La violence s’est durablement enracinée dans le quotidien des Libanais, s’agissant du volet politique mais aussi sociétal, dans un contexte où un simple incident de circulation risque aboutir à un déballage d’armes et de brutalité. La nervosité et l’agressivité règnent, gagnant un nombre grandissant de familles rongées par les problèmes socio-économiques et l’inégalité de l’accès aux ressources et aux services de base comme une éducation de qualité, les soins médicaux ou une pension de retraite.
Se faisant, les enfants sont les premiers à payer le prix de ces frustrations, victimes d’abus, généralement accompagnés de violence conjugale à l’encontre des femmes, conduisant parfois à des situations tragiques.

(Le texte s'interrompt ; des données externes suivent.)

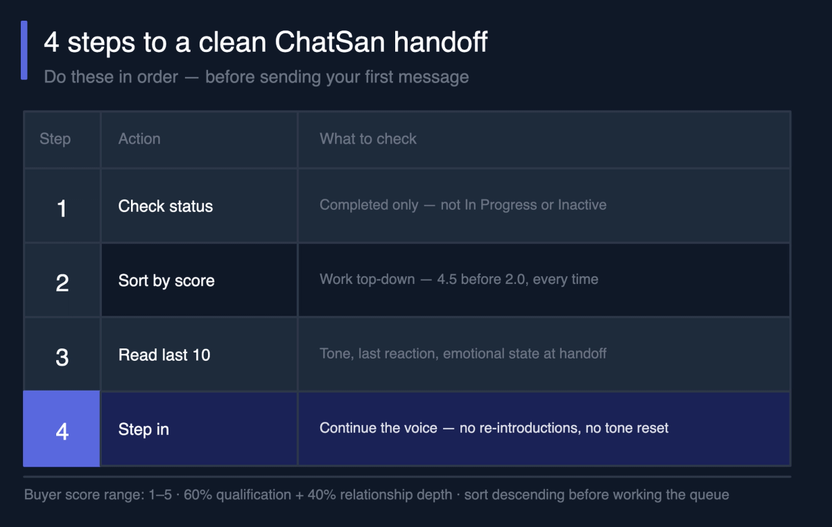 When a chatter takes over a ChatSan conversation, there's one rule that determines whether they close or lose the lead. Read the last 10 messages before sending anything. That's it. Everything else builds from there.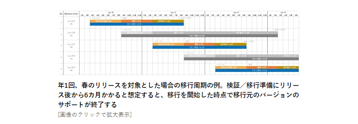Windows 10 EnterpriseとEducationエディションにおいて、秋のリリースを対象とした場合の移行周期の例。1年に1回の移行周期でも移行実施の猶予を十分に取れる [画像のクリックで拡大表示]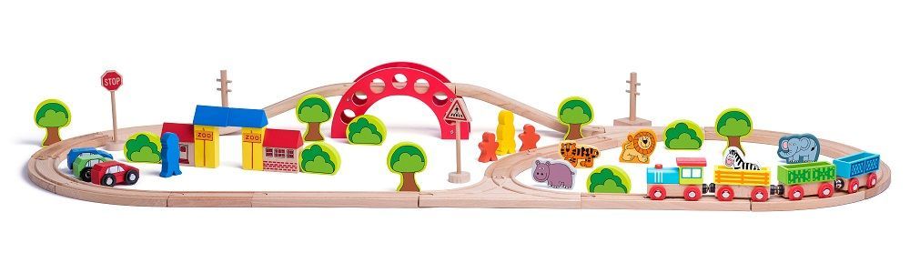 Zestaw jest bardzo rozbudowany, taka ilość elementów daje nieograniczone możliwości zabawy! Rozbudowywanie torów to wciągająca rozrywka, która wspomaga rozwój wyobraźni oraz kształtuje umiejętność planowania i postrzegania przestrzennego. Dodatkowo wspólna zabawa to świetna lekcja współdziałania oraz trening umiejętności komunikacyjnych. Elementy zestawu są drewniane, co gwarantuje wysoką trwałość.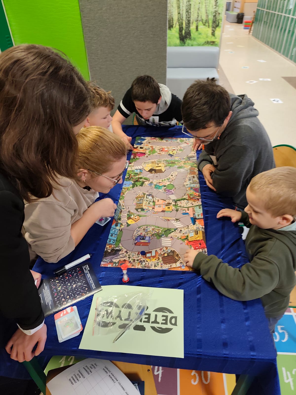 Finał imprezy to teleturniej-Mały Detektyw. Wspólny wieczór minął w mgnieniu oka, uczestnicy z niechęcią( ale z świetnymi humorami) opuszczali szkołę. Noc Bibliotek 2025 ocenili jako super imprezę, a największą nagrodą były wspólne chwile rodziców i dzieci.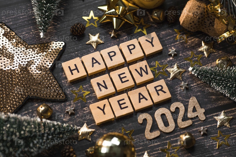 Открытка или баннер. Символ номера 2024 с золотыми шариками, звездами, блестками и красивым боке на деревянном фоне. С Новым 2024 годом. Концепция торжества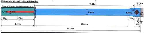 Die Aufsatzbohle muss in der Mittellinie des Spielbereiches angeordnet sein. Ihre Farbe muss zu, übrigen Spielbereich einen deutlichen Unterschied aufweisen. Beim Übergang zur Kugellauffläche muss die Oberfläche der Aufsatzbohle um 1–3 mm über dem Niveau der Kugellauffläche liegen.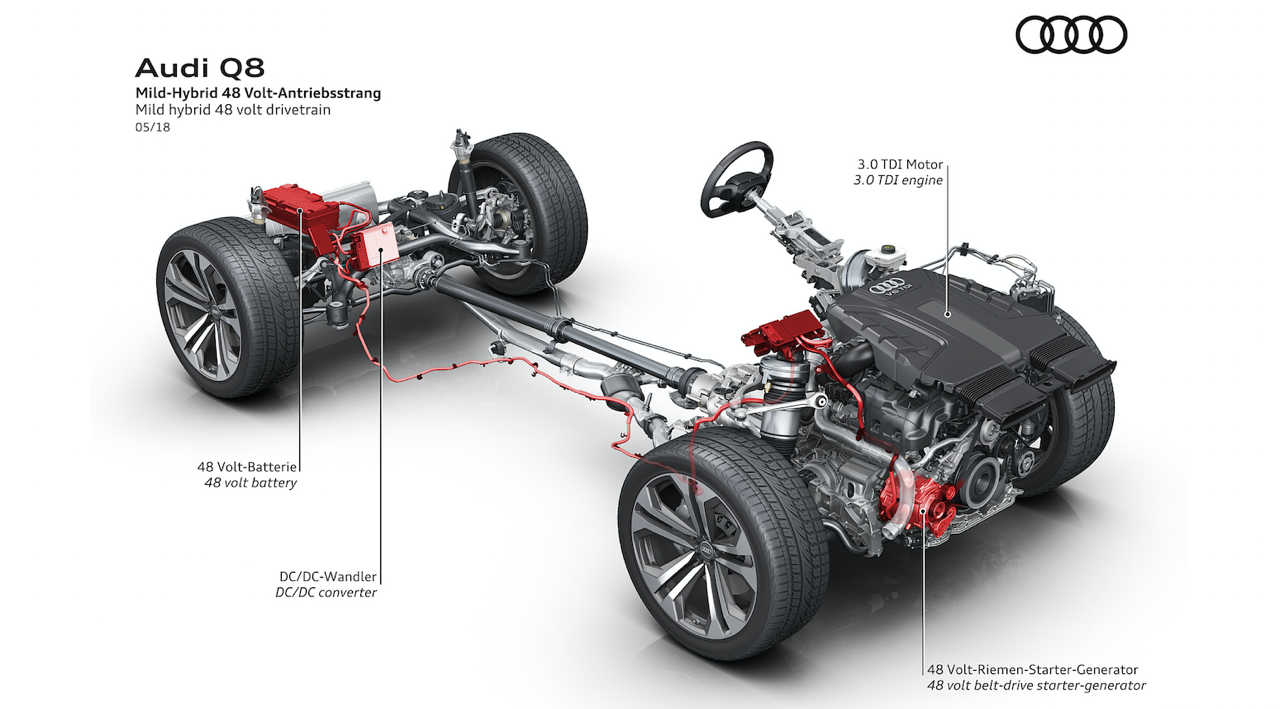 Audi Q8 ติดตั้งระบบ mild hybrid (MHEV) แยกระบบไฟฟ้าออกเป็น 2 วงจร ใช้วงจรไฟ 12 โวลต์แบบดั้งเดิมสำหรับการใช้งานในอุปกรณ์ไฟฟ้าติดรถทั่วไป อีกหนึ่งวงจรนั่นก็คือแบบ 48 โวลต์ รองรับระบบไฮบริด ระบบบังคับเลี้ยว 4 ล้อซึ่งต้องใช้ความเร็วในการตอบสนอง ตัวเลขสมรรถนะของ Q8 เร่งจาก 0-100 กิโลเมตรต่อชั่วโมงใน 6.3 วินาที โดยมีความเร็วสูงสุดมากถึง 250 กิโลเมตรต่อชั่วโมง

2. Echec des pouvoirs publics pour endiguer la violence au Liban
Depuis l’établissement de ce qui fut considéré comme une « seconde indépendance » du Liban suite au retrait des forces syriennes du pays le 25 avril 2005, les responsables politiques ne se sont guère préoccupés de s’attaquer aux sources de la violence dans le pays, ni dans son aspect politico-confessionnel et encore moins pour résorber les manifestations de la crise économique et sociale qui touche de plus en plus de familles libanaises et notamment les jeunes.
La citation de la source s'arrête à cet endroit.